** ENTRIES SHOWN follows **

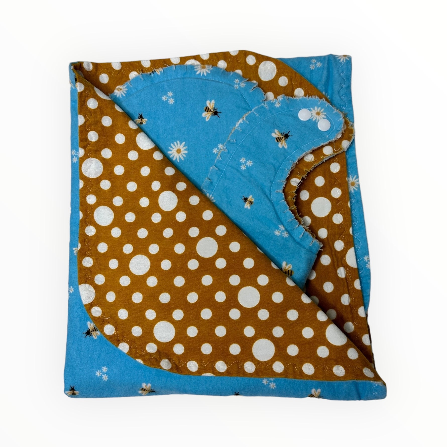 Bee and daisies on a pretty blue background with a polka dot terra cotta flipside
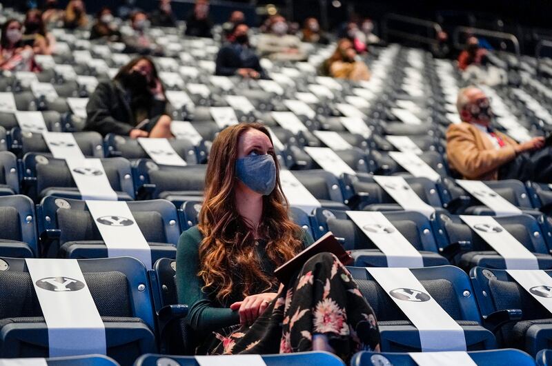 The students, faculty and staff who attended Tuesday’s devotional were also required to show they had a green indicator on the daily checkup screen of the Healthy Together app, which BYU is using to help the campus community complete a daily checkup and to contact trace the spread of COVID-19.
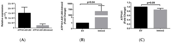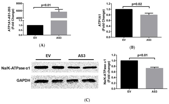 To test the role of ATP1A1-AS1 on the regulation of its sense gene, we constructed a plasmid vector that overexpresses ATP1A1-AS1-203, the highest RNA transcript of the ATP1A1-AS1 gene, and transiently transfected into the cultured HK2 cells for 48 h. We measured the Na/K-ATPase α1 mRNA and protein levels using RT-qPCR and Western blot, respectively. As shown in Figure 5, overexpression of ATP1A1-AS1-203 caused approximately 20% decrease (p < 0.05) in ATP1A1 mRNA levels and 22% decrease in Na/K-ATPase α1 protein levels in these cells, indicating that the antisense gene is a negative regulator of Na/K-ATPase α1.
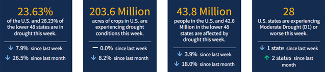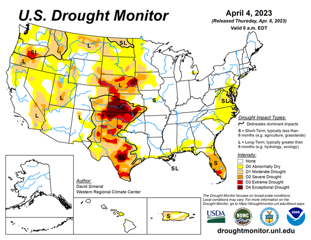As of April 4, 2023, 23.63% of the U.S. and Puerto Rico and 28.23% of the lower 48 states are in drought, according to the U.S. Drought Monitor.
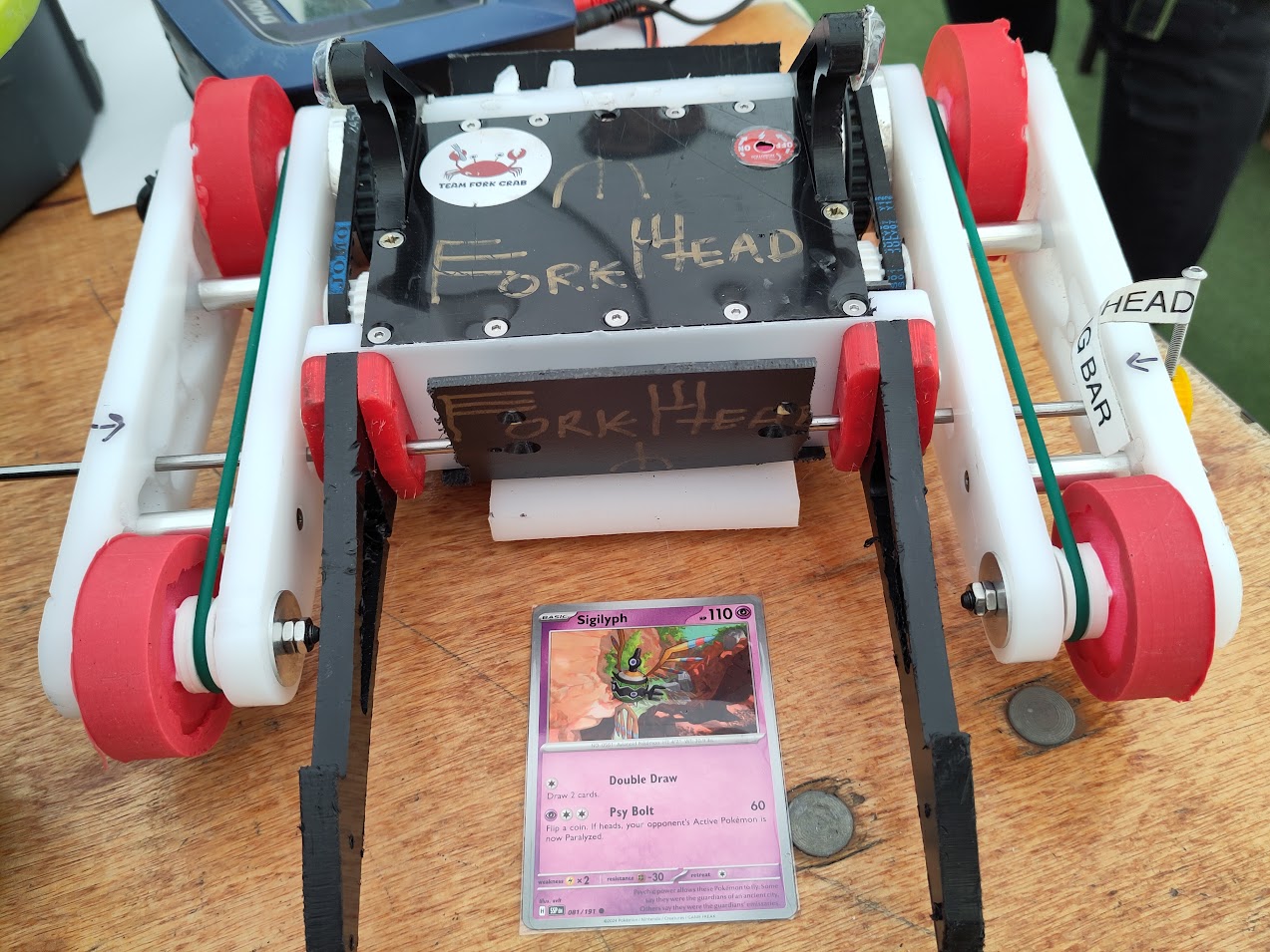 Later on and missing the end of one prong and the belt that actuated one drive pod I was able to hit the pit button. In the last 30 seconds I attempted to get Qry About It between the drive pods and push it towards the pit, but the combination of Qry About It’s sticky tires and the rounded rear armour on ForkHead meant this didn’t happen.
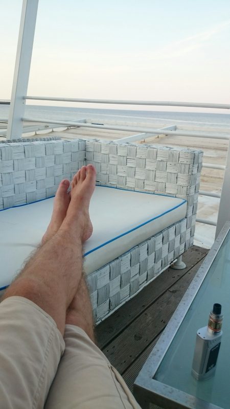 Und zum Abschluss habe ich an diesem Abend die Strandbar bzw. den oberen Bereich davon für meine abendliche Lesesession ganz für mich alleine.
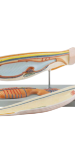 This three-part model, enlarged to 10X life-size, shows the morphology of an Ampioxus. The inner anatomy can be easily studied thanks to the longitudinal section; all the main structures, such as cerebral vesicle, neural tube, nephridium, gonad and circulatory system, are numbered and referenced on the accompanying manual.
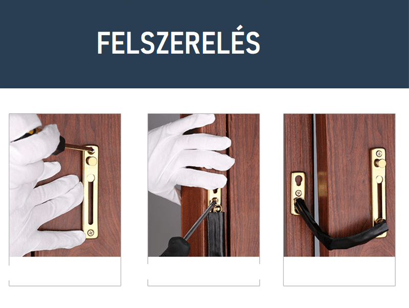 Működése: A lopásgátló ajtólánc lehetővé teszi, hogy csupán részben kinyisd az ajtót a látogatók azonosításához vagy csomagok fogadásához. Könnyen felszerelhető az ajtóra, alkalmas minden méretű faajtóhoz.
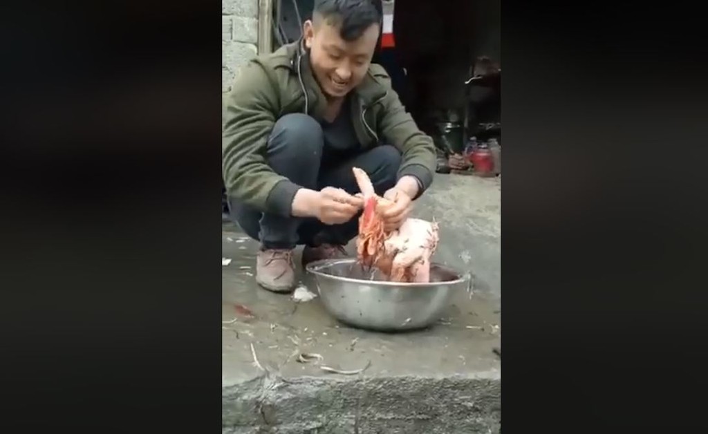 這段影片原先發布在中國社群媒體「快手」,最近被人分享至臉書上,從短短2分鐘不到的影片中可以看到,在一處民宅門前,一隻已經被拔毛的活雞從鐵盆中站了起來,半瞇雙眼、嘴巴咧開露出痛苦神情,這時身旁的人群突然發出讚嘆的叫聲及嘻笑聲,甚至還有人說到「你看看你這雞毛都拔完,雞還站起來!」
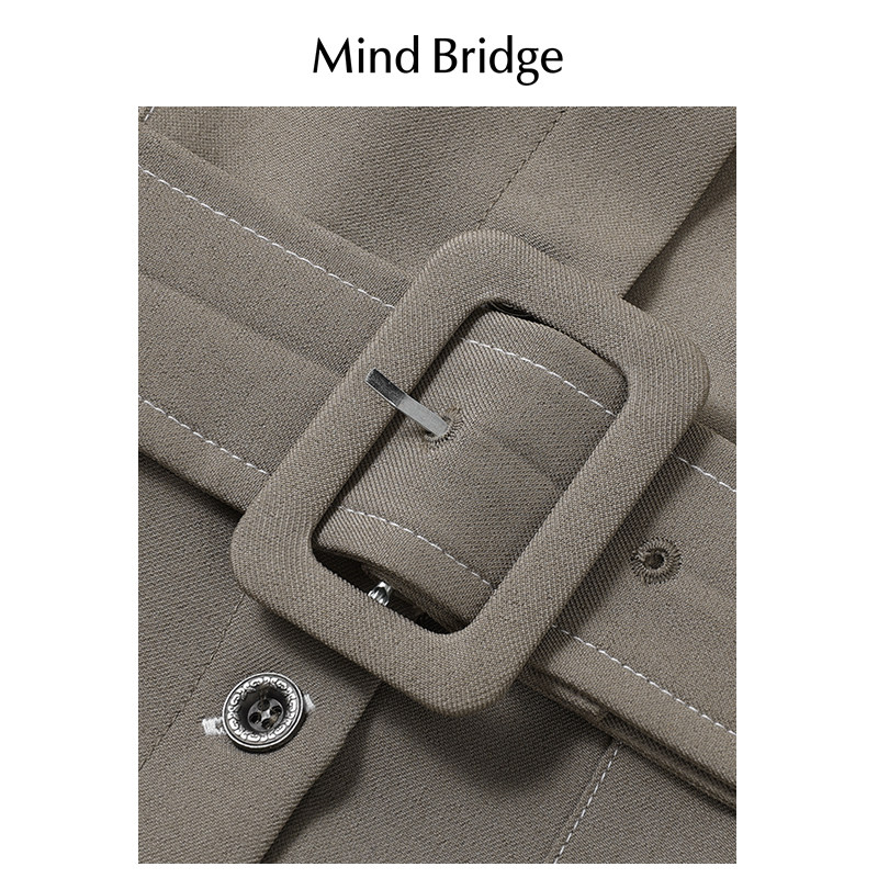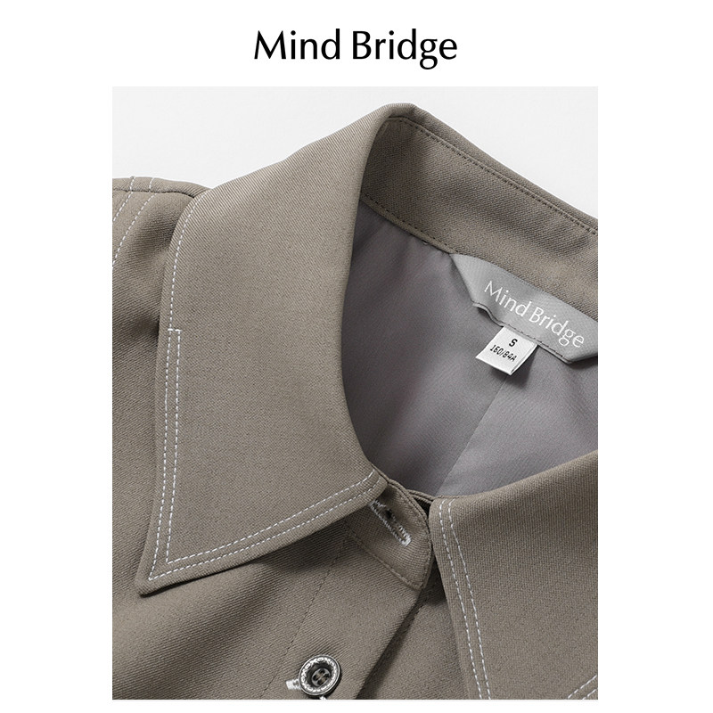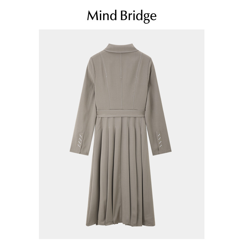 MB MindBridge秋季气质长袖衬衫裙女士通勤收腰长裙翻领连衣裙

** End of ENTRIES SHOWN **
** ENTRIES SHOWN follows **

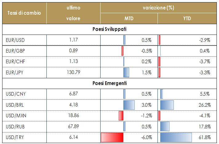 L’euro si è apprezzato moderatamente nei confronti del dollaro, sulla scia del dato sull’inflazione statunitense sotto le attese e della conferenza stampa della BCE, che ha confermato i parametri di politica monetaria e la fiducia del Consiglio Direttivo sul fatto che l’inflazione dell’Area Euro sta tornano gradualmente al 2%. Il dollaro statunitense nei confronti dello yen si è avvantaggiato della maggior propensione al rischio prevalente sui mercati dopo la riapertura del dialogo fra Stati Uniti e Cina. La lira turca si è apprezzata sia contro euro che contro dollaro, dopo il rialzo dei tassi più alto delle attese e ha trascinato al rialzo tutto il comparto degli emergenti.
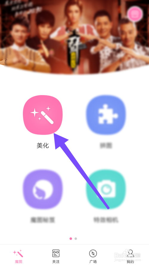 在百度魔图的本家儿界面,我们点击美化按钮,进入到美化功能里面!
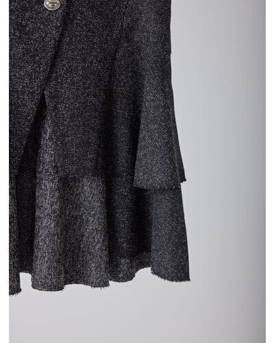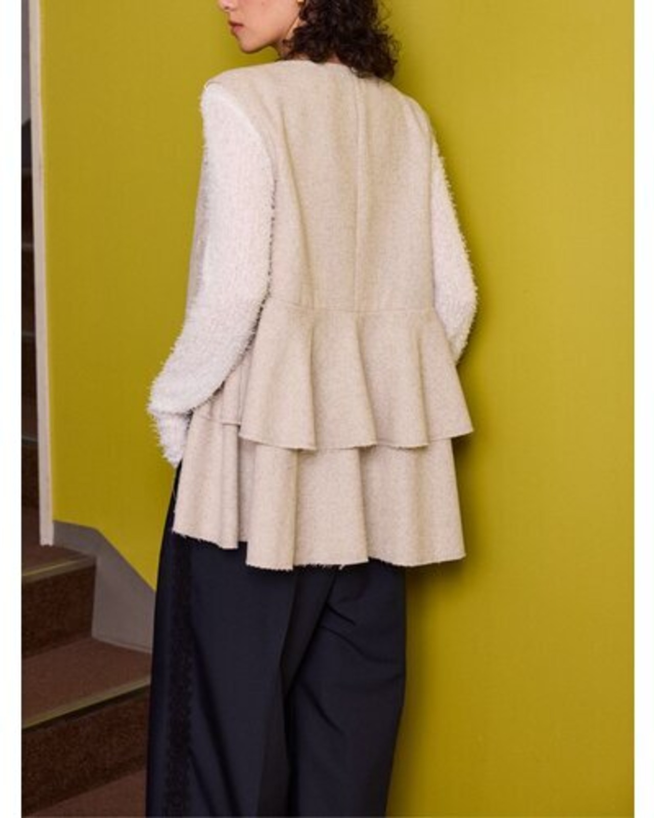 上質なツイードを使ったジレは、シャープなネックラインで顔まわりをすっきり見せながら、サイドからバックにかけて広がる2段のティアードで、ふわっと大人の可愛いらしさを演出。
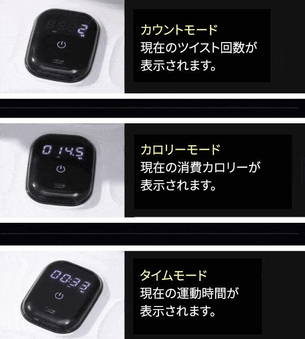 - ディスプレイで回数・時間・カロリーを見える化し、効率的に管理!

** End of ENTRIES SHOWN **
** ENTRIES SHOWN follows **

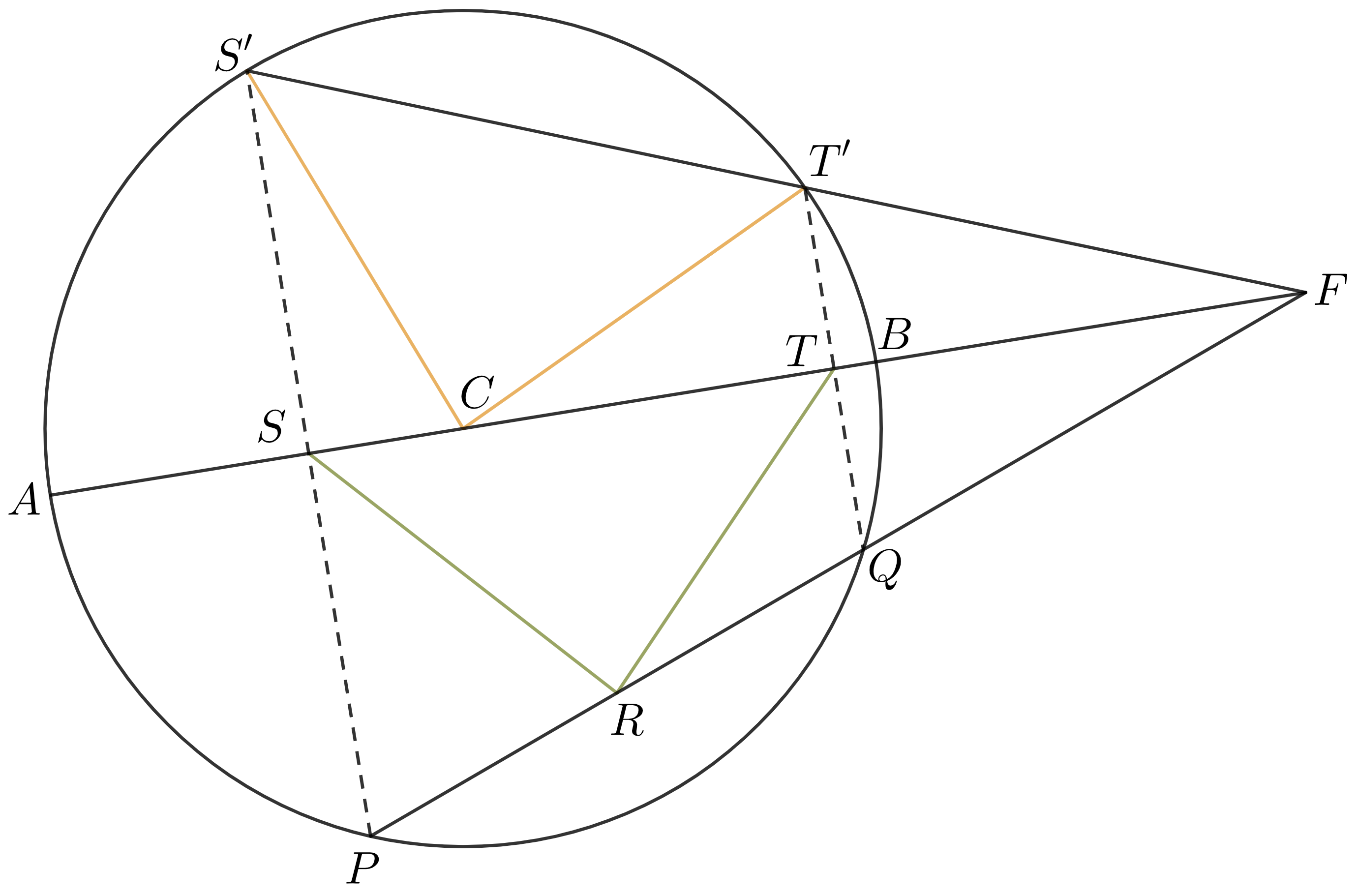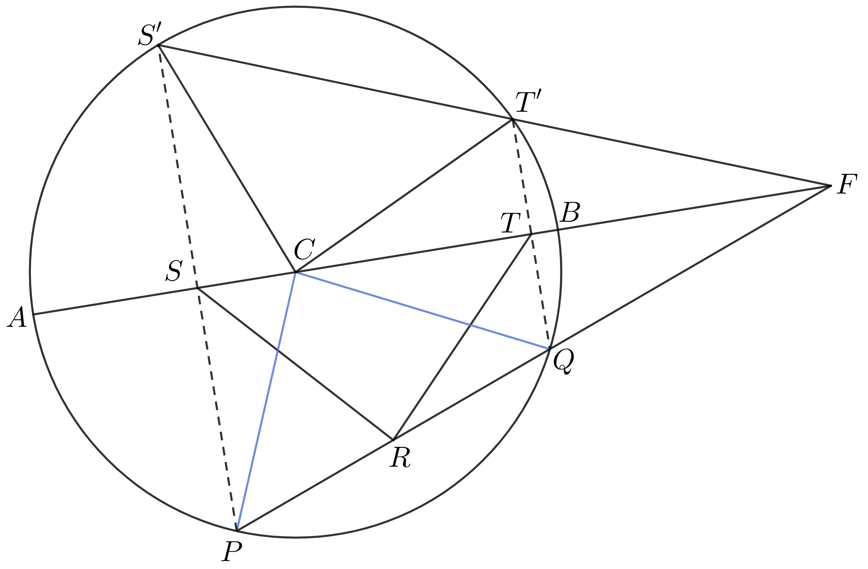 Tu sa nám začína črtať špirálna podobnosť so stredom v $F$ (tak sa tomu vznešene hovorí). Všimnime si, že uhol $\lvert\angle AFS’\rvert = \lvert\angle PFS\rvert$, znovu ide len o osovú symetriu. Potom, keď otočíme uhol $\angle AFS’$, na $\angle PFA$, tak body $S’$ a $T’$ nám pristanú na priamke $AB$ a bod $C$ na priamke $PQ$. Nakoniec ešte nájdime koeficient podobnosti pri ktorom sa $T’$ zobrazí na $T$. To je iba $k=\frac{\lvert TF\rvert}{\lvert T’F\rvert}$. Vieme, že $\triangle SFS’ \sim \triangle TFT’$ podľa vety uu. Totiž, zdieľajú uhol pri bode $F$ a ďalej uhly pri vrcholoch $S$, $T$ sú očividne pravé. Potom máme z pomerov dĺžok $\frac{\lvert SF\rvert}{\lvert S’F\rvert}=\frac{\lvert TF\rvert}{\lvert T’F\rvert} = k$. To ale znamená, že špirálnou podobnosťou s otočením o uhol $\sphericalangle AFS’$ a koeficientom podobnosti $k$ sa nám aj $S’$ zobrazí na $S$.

** End of ENTRIES SHOWN **

> TASK OBJECTIVE:
Taking the records above, print only and exactly the lines from the line with "The students, faculty" to the line with "Later on and", both kept, and exclude pictures.

> EXPECTED OUTPUT:
 The students, faculty and staff who attended Tuesday’s devotional were also required to show they had a green indicator on the daily checkup screen of the Healthy Together app, which BYU is using to help the campus community complete a daily checkup and to contact trace the spread of COVID-19.
 To test the role of ATP1A1-AS1 on the regulation of its sense gene, we constructed a plasmid vector that overexpresses ATP1A1-AS1-203, the highest RNA transcript of the ATP1A1-AS1 gene, and transiently transfected into the cultured HK2 cells for 48 h. We measured the Na/K-ATPase α1 mRNA and protein levels using RT-qPCR and Western blot, respectively. As shown in Figure 5, overexpression of ATP1A1-AS1-203 caused approximately 20% decrease (p < 0.05) in ATP1A1 mRNA levels and 22% decrease in Na/K-ATPase α1 protein levels in these cells, indicating that the antisense gene is a negative regulator of Na/K-ATPase α1.
As of April 4, 2023, 23.63% of the U.S. and Puerto Rico and 28.23% of the lower 48 states are in drought, according to the U.S. Drought Monitor.
 Later on and missing the end of one prong and the belt that actuated one drive pod I was able to hit the pit button. In the last 30 seconds I attempted to get Qry About It between the drive pods and push it towards the pit, but the combination of Qry About It’s sticky tires and the rounded rear armour on ForkHead meant this didn’t happen.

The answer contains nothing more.